The work in the sense that they cause weight loss. They do nothing to keep the weight off once it’s lost. And they have side-effects, some quite nasty.
Or get caught up in the crossfire where Metformin makes you shit your pants and a new drug for managing your A1C comes out (ozempic) which doesn’t make you shit your pants. Only for a few years later get denied insurance coverage for it because you obviously are using it to lose weight.
I got denied coverage because I don’t have type 2 diabetes. My main doctor confirmed I’m pre-pre-diabetic.
Or I was.
I pay for the medication myself and the diet they have me on is literally called the Insulin Resistance Diet.
Not only have I lost just over 30 pounds in 90 days but I’m also clearly healthier just because of this diet. (At my height and weight 30 pounds isn’t shit, but I’m only just getting started.)
In theory once you stay at a dosage of metformin for long enough the unfortunate side effects go away. In practice it’s been a year and I still can’t trust a fart.
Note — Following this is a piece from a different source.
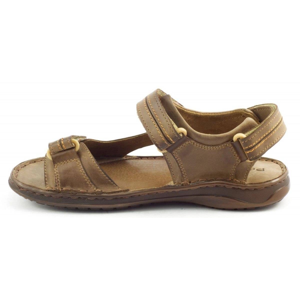 Las sandalias para hombre en un estilo deportivo atraerán a los hombres independientemente de su edad. Este es el tipo de calzado que todo el mundo debería tener, porque funcionará tanto durante un viaje de vacaciones como como calzado de casa de verano y de fin de semana. La ventaja de esta elección es el hecho de que las solapas están hechas de cuero 100% natural. Esta es una excelente comodidad para los pies, incluso si las sandalias se usan directamente descalzo. Agradable al tacto, el material da la impresión de caminar descalzo, pero al mismo tiempo aísla bien del suelo. Las SANDALIAS tienen doble velcro, con el que podrás ajustar suavemente su ancho. Las SANDALIAS para hombre están disponibles en colores neutros, por lo que es fácil combinarlas con tu atuendo. Son livianos y ciertamente no ocuparán mucho espacio en su equipaje. Son producidos por un fabricante polaco, lo que es garantía de calidad. Las sandalias de hombre también son fáciles de mantener limpias y no requieren cuidados especiales. La plantilla interior perfilada sostiene la planta del pie. Su apariencia simple es universal.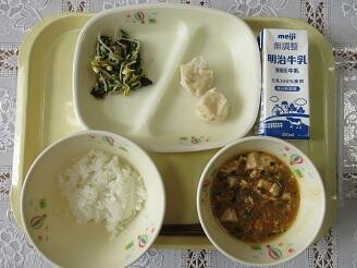 今日の給食は、ご飯、牛乳、マーボー豆腐、えび焼売、ナムルです。高根沢町で生産された物は、豆腐、味噌、にんじん、ねぎ、米です。今日もたいへんおいしく頂きました。

I dunno anything about these drugs but I remember the diet drug fad in the '90s and the disastrous consequences and side effects that came from it. I’m sure these aren’t going to give heart attacks to a bunch of people, but I have a hard time believing there isn’t some sort of cost to pay for a magic pill that makes you skinny. I’m willing to admit that my view is tainted by the past and will once again state that I know nothing about these pills specifically so I could be completely off base here.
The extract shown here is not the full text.